Marc Hodosh (/ˈhoʊdɒʃ/ HOH-dosh; born December 25, 1972) is an American entrepreneur who formerly owned, co-created and hosted the TEDMED conference. In September 2019, Marc Hodosh and Dr. Sanjay Gupta (CNN’s Chief Medical Correspondent) announced a new event called Life Itself, set to launch in 2021 in partnership with CNN. Both Gupta and Hodosh will serve as hosts and organizers.

Hodosh previously led the Archon Genomics X PRIZE, which followed the Ansari Space X PRIZE. He has been a consultant to inventor Dean Kamen at DEKA Research & Development and also chaired Kamen's FIRST Robotics competition within the Boston region.

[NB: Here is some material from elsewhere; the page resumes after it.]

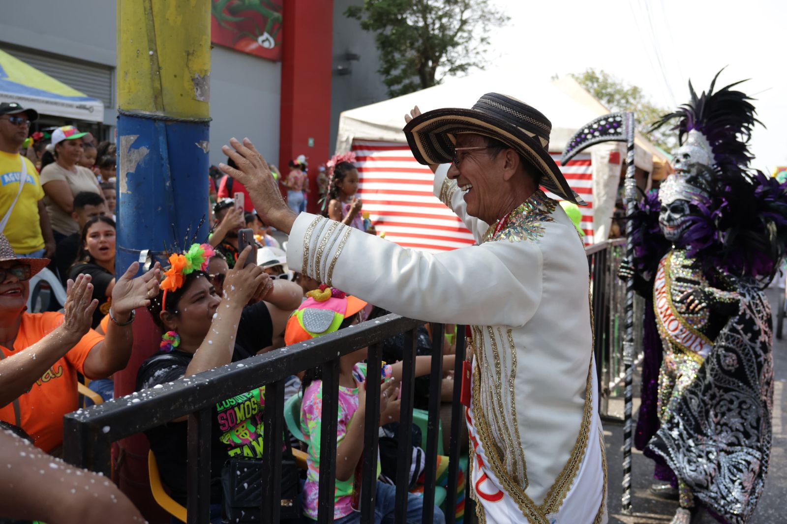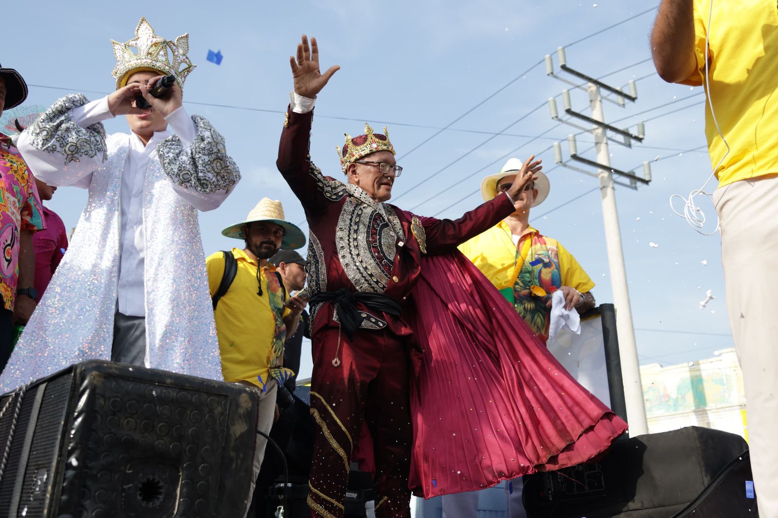 Uno de los momentos más emotivos de la jornada fue la participación del Rey Momo 2025, Gabriel Marriaga, y la Reina del Carnaval, Tatiana Angulo Fernández de Castro, quienes, lejos de mantenerse en sus carrozas, decidieron bajar y caminar junto a los asistentes, generando un ambiente de cercanía y alegría desbordante.

Earlier, Hodosh founded and sold ID One, which specialized in facial recognition technology for the US Military and Intelligence communities. He also led business development at Viisage, a previously publicly traded, facial recognition company. Hodosh's first business and entrepreneurial endeavors began by inventing and importing a variety of consumer products from Asia, with distribution through Bed Bath & Beyond, QVC television, Toys-R-Us, and others.

== Early life ==
Hodosh graduated from Ithaca College. He moved to Boston in 1995 to attend Boston University Medical School but after a year instead decided to focus on inventing and patenting consumer products.

== TEDMED ==
Marc Hodosh bought the rights to TEDMED in 2008 from TED creator Richard Saul Wurman, although the TEDMED event had not taken place for many years. In 2009, Hodosh re-launched TEDMED at the Hotel del Coronado near San Diego, California, where it was held for the next three years and where Hodosh served as host. Wurman co-hosted the event with Hodosh for the first two years. In 2011, Hodosh sold TEDMED to Priceline founder, Jay Walker, who later moved the event to The Kennedy Center in Washington, DC in April 2012.